今回の閣議決定で注目すべきは、受入れ上限に達した場合は新規受入れが停止される点です。実際に出入国在留管理庁は、特定技能1号「外食業」における新規受け入れを2026年4月13日以降原則停止する方針を3月27日に公表しました。外食業分野の在留者数が政府の設定する上限(5万人)に達する見込みとなったことが背景です

このような受入れ停止措置は、宮城県内の外国人材採用を検討する企業にとって、早期の計画策定と受入れ体制整備の重要性を示す事例といえます。

宮城の企業が今すべき準備

2027年4月の育成就労制度施行に向けて、宮城県内の中小企業が準備すべきことは以下の通りです。

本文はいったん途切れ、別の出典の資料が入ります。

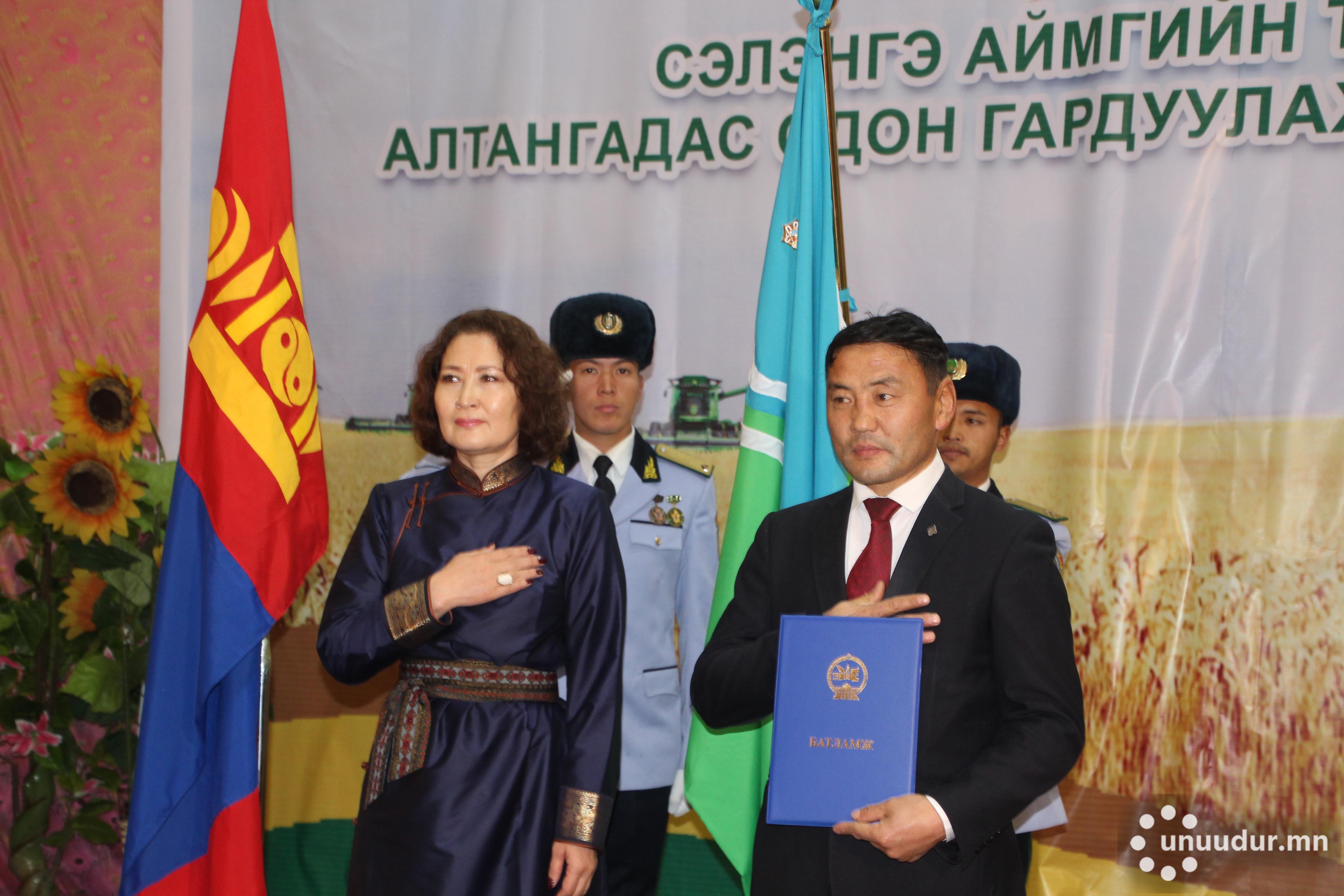 “Тулгар төрийн 2228 жил, Их Монгол Улс байгуулагдсаны 813 жил, Үндэсний эрх чөлөө, тусгаар тогтнолоо сэргээн мандуулсны 108 жил, Ардын хувьсгалын 98 жил, Ардчилсан хувьсгалын 30 жилийн ой, Атар газар эзэмшсэний 60 жилийг ойг тохиолдуулан Атрын – 1, 2, 3 дугаар аянд манлайлан оролцож, Монгол Улсын газар тариалан, мал аж ахуйн салбарын тэнцвэртэй хөгжлийг хангах болон улс, аймгийнхаа хөгжилд оруулж буй тус сумын иргэдийн өндөр хувь нэмрийг үнэлж Сэлэнгэ аймгийн Түшиг сумыг Төрийн дээд шагнал Алтан гадас одонгоор шагнасугай” гэжээ.

  • 対象分野の確認:自社の業種が特定技能19分野または育成就労17分野に該当するか確認する
  • 受入れ体制の整備:監理支援機関や登録支援機関との連携体制を構築する
  • 日本語教育の計画:育成就労では1年経過時までに日本語試験(N5等)および技能検定試験基礎級等の受験が必要となるため、教育支援体制を整える
  • 定着支援策の強化:転籍が認められる制度設計のため、待遇改善や職場環境の整備により自社への定着を図る
  • 地域との連携:仙台市や宮城県が提供する外国人材支援制度を活用し、地域全体で受入れ環境を整える

外国人材の受入れは、単なる人手不足対策ではなく、企業の成長戦略として位置付けることが重要です。宮城県内の企業にとって、今回の閣議決定は外国人材採用の新たな選択肢を広げる契機となります。